Optimized Process Parameters for Zn Alloy Die Casting via AI
摘要
Focusing on common issues in the zinc alloy vehicle-casting process, such as insufficient filling, shrinkage porosity, deformation, burrs, cold shuts, entrapped gas, oxides, and surface defects of cracks, this study takes the casting of zinc alloy toy streetcars as the object. It adopts CAE technology (FLOW-3D software) to simulate the casting process and combines the Central Composite Design (CCD) response surface methodology to optimize process parameters. Through the CCD response surface methodology, a response surface model was established between the shrinkage porosity rate, deformation amount, and the four process parameters—pouring temperature, mold temperature, filling speed, and holding pressure (T-T-v-P). While the CCD method can identify key influencing factors and verify the model significance via analysis of variance (ANOVA), it fails to achieve the optimal effect for multiple defects simultaneously. Therefore, further integrated analysis of the defects identified by the CCD method is required.
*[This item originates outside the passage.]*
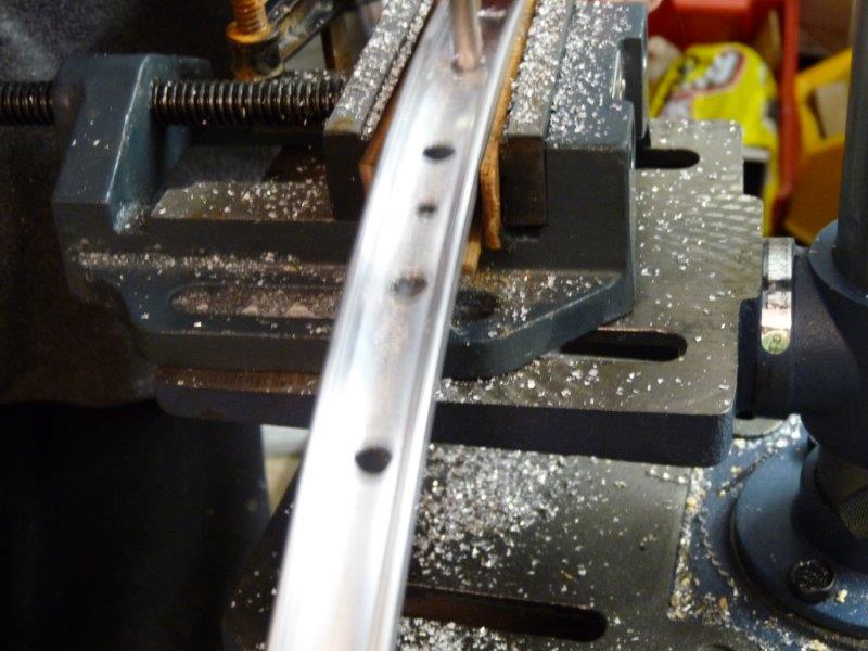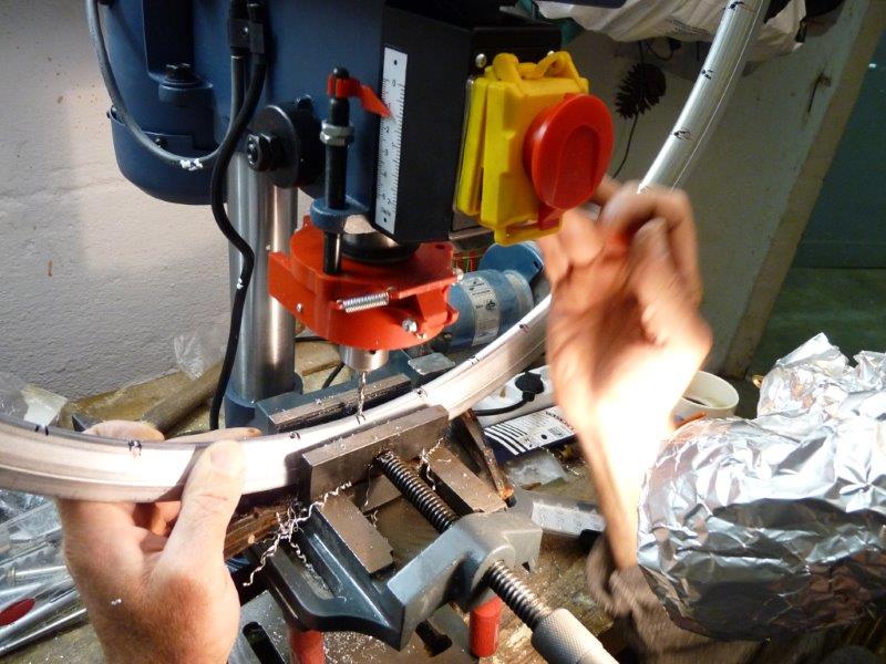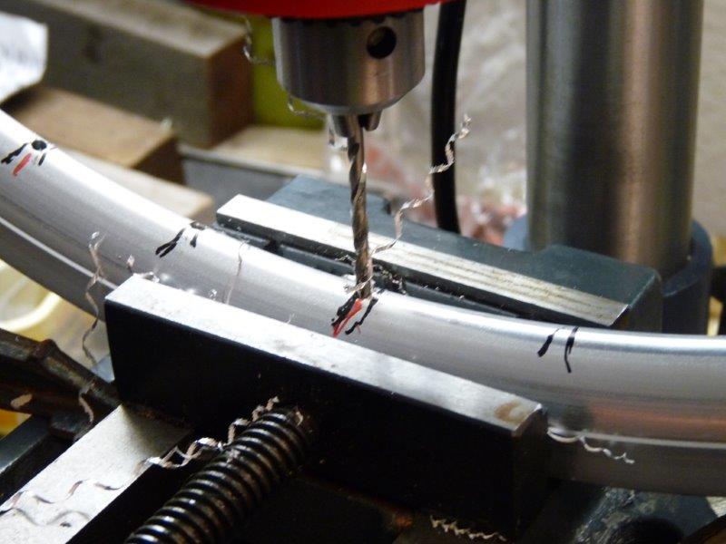 Wir bohren die kleinen 4,5 mm Nippellöcher ohne Vorbohren in einem Gang gleich mit der entgültigen Bohrergröße 4,5 mm .
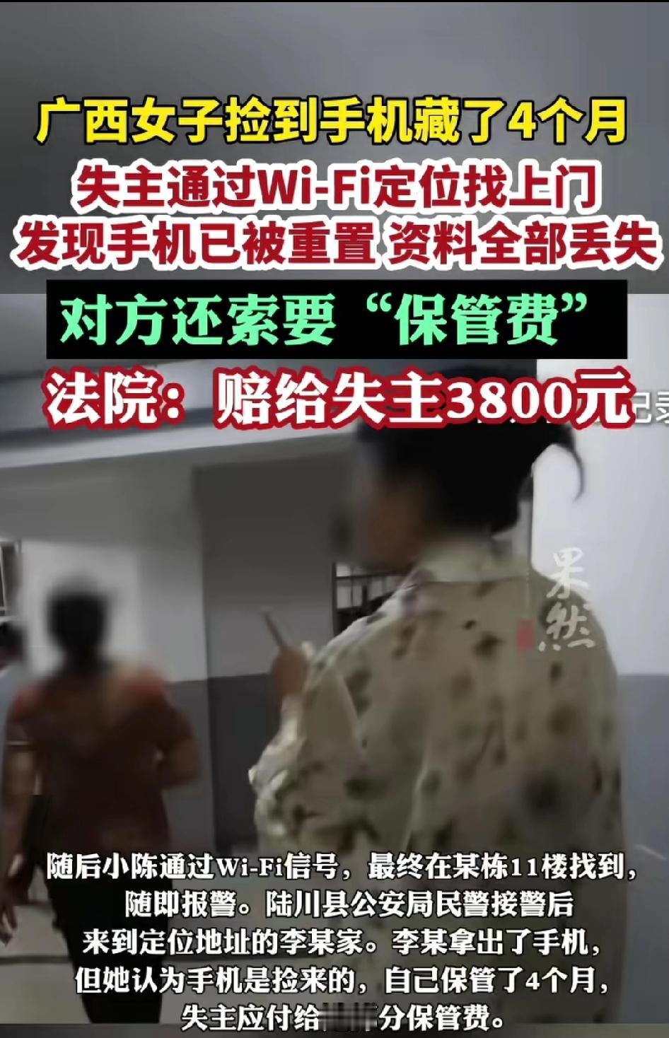 聪明反被聪明误!捡到价值6000多元的手机,不仅藏了4个月拒不归还,还强制恢复出厂设置清空所有资料,失主上门反而被索要保管费,法院一判太解气! 据媒体2026年2月26号报道: 广西陆川县,2025年3月16号晚上小陈在体育馆散步时,一部价值6000余元的华为手机不慎遗失。她反复拨打,电话那头始终是冰冷的关机提示。无奈之下,她启动“丢失模式”,在屏幕上留言:愿出2500元酬谢,只求手机归还。 可这一等,就是4个月。 捡到手机的李某,始终未主动联系。小陈的华为账号多次收到开机提示,却始终等不到一句主动联系。直到她通过Wi-Fi定位追到某小区,敲开李某家门时,才发现手机早已被强制恢复出厂设置,所有资料荡然无存。更让她心寒的是,李某不仅毫无歉意,反而理直气壮地索要“保管费”。 捡到东西不还,还反过来要钱?这操作,简直刷新三观。 协商无果后,小陈一纸诉状将李某告上法庭。2026年,广西陆川县人民法院审理并调解了此案。最终,李某当庭向小陈支付了3800元赔偿款,为自己的行为承担了相应的责任。 法律从来不会纵容这种“捡来就是我的”的歪理。拾得遗失物,有义务妥善保管并归还,而不是趁机要“保管费”。李某的行为,不仅违背了公序良俗,更触碰了法律的底线。 这件事也给所有人提了个醒:不义之财不可取,一时的贪念,最终只会让自己付出更大的代价。 你怎么看李某索要“保管费”的行为?如果是你,会选择归还还是据为己有? 拾金不昧 民生热点 法律维权 人性现实 晴风语说事 消息来源:齐鲁晚报-果然视频及网络公开内容,本文配图/视频素材来自齐鲁晚报-果然视频,以上仅用于内容分享,侵权即删,谢谢!

Based on this, an AI model was established for verification to obtain the optimal parameter combination, and a production-guiding program template for quickly acquiring the optimal parameter combination was developed. After dual verification via CAE simulation and practical production, the parameters were confirmed to be reasonable and consistent. The optimization results show that under the optimal process parameters, the shrinkage porosity rate decreased by 33.3%, the deformation amount reduced by 45.1%, the product qualification rate increased by 14%, and the comprehensive performance reached the optimal level. The results of this study can provide references for mold designers and industrial production.